FWIW, we definitely know about the extended release metformin 1000 mg tablets. The current problem is that there is a recall on the 500s so they are in short supply. Luckily, the regular metformin is cheap although you have to take it twice daily.

Pharmacists are now allowed to mention coupon cards so that does help.

I also don’t know about other electronic records, but mine will give you an estimated price if you enter a standard prescription, so I can see if the cost is crazy and if it’s something like a high copay for the entire class, I will usually sign them up for coupon cards or print out a good Rx coupon right then.

You also do get to know some of the prices. Kaiser has a very limited formulary for example. The military will pay for cimetidine but not famotidine.

Some of us do make it our business to save patients money. I just got a report from an endocrinologist that a patient was paying a lot for her medication and I was going to see if she could use a coupon.

Just to add, with my EMR I can also try different pharmacies so I can say for example, that a medication would be $50 at CVS but only $10 at Walmart. It’s not 100% but it’s one of the best new features they’ve added recently (along with automatic access to the prescription monitoring program and electronic prescribing of controlled substances).

Just to say it again more clearly, to treat gastric disease you need 7-14 days of PPI (such as Prevacid, etc.) and 2-3 antibiotics, which vary. There are MANY effective combos, only one of which uses tetracycline at all. Sometimes bismuth or probiotics are added.

The most common antibiotics are amoxicillin, clarithromycin and metronidazole. Tetracycline is not very commonly used. At those prices, it cannot be justified. Rather than find cheaper tetracycline or something similar like doxycycline, you are better off using something different for this indication.

I often use PPI plus amoxicillin 1g - both twice a day, for 5 days. Followed by PPI plus clarithromycin 500mg and metronidazole 500mg - all twice a day, for another 5 days. Add bismuth or probiotic if intolerance is likely. This has eradication rates around 94%, among the best, which may vary by local factors almost no one measures.

Substitute erythromycin for clarithromycin if cost is a concern - but this is almost as cheap as the treatment gets. Add levofloxacin to make it costlier and for rare treatment failures.

More than you want to know;
https://www.bucommunitymedicine.org/h-pylori-regimens/

The OP mentions other conditions which make the more common treatment regimes unwise.

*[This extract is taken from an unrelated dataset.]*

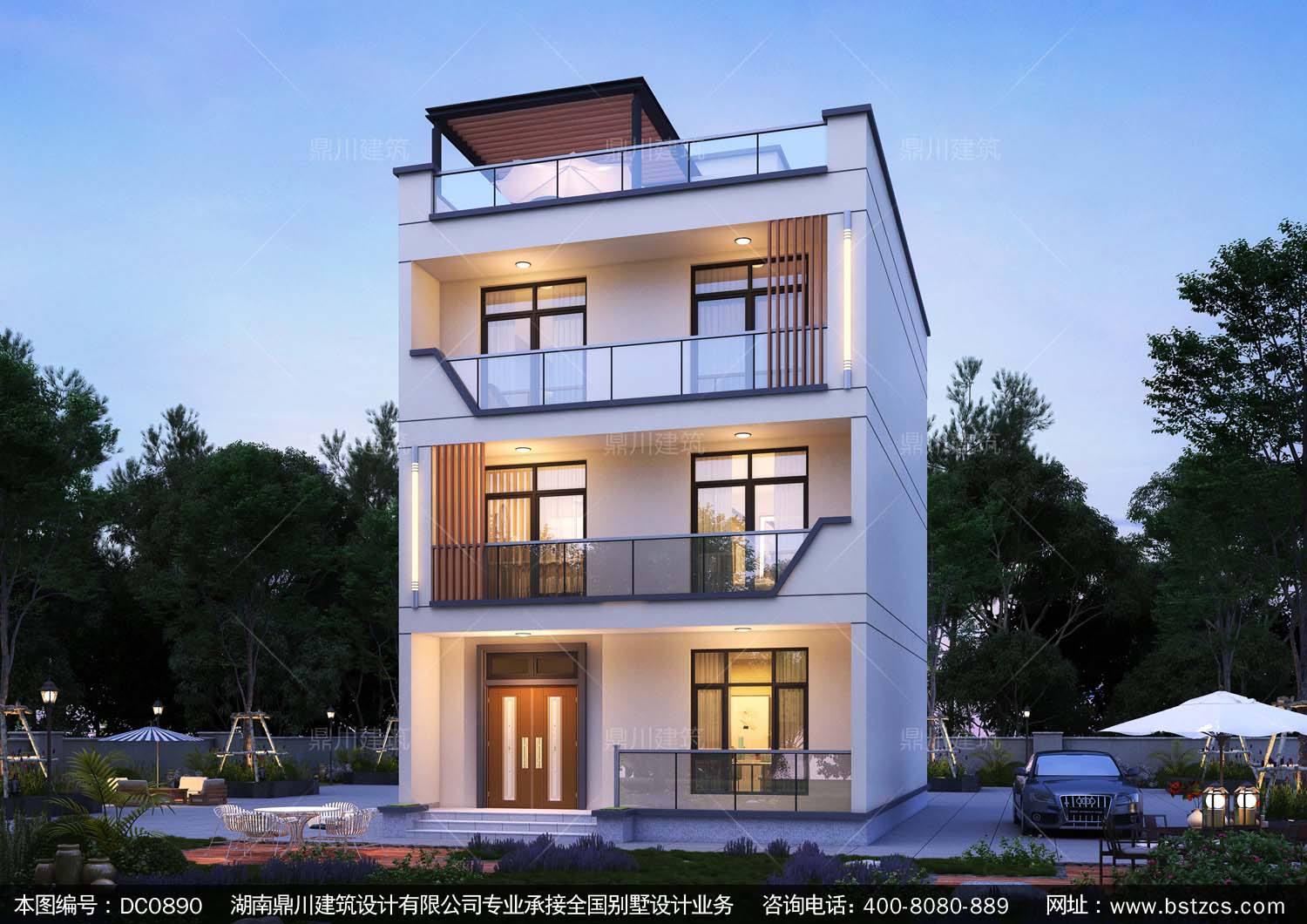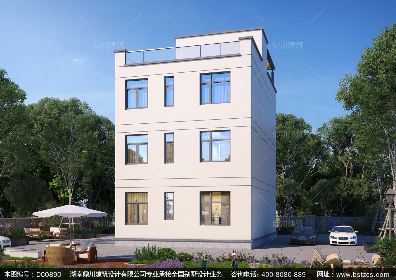 三層現(xiàn)代平屋頂別墅圖紙及效果圖_新農(nóng)村自建別墅設(shè)計(jì),鼎川建筑

Personally, the part I find criminal is that we can have a dozen posters talking about the price of a standard generic drug and find a dozen different prices for it that can vary by over 30x.

Having competition to reduce the cost of health care shouldn’t be about searching the market for the right magic words to speak to the CVS pharmacist so they don’t screw you blind on the price.

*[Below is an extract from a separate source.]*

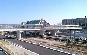 This station consists of two ground-level island platforms serving four tracks, with an elevated station building located above to one side.

This is a fair point. But it is still very hard to conclude tetracycline as being the only option, even if the circumstances make it more common. Amoxicillin, clarithromycin, levofloxacin and metronidazole are different classes. I don’t want to get into drug-drug interactions and allergies due to privacy issues.

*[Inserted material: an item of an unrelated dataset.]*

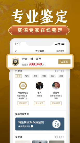 【关于域鉴】 快乐收藏,轻松入行!域鉴APP是一款旨在打破收藏行业的壁垒,为广大古玩爱好者提供的在线学习古玩知识,交流古玩的收藏垂直平台,同时可以帮助拥有各类藏品的收藏爱好者提供低门槛快速鉴赏渠道,并提供3天无理由退货保障的民间藏品交易平台 【功能介绍】 -----专家鉴赏----- 百位知名古玩收藏专家实时掌眼,藏品新老,收藏难题,一键解答 -----藏 宝 阁----- 集中展示古玩真品与专家点评,助力藏友提升\\\\\\\“眼力\\\\\\\“ -----古玩拍卖----- 先鉴赏再上拍,藏品经专家鉴赏为真品后,该藏品可申请拍卖,平台保障,拍下后一律支持3天无理由退货 -----域鉴直播----- 古玩达人,行业大咖直播互动,全方位展示藏品细节 ----域鉴优品---- 珍惜藏品,专家精选,24小时不间断的拍卖专场 ----特色保真模式---- 古玩交易不吃药,卖家将藏品寄往域鉴鉴赏中心,由专家团实物联合鉴赏,真品方能成交 ----古玩学馆--- 知名专家视频授课,古玩鉴赏实战教学,古玩门槛不再\\\\\\\“高不可攀” 【联系方式】 官方客服:400-189-3520 保障买卖双方合法权益 微信公众号:域鉴-微信小程序同步对接app 新浪微博:域鉴APP-域鉴新鲜事,每日发布 今日头条:域鉴-古玩知识,视频每日分享 百度贴吧:域鉴吧-问题反馈,聊天灌水

Tetracycline costs pennies and that price is unreasonable. Because allergies and odd circumstances are not rare, Sandford’s is a guide that shows bacterial sensitivities to second and third line antibiotics too. I’ve used Septra before. In this case, there are other options. But the pricing is the point. That’s some crazy pricing.

Sure, but there is reason to believe the doctor did go through multiple strategies with the op and took the time to explain his thinking. He probably has no idea of the current price of tetracycline, or he would have taken that into account too. He sounds like a thoughtful practitioner.

In practical terms, the OPs greatest issue is whether it’s prudent to delay treatment over the weekend to wait till he can talk to his doctor. But your post sounds like you think this doctor is an idiot. I don’t think there’s evidence to support that.

Understandable. I would assume a tetracycline tablet cost a penny to make and sold for a quarter. The quoted prices seem usurious. I understand medical summaries on boards do not represent the full picture and so my practice is not to criticize a doctor or other provider without knowing all the facts.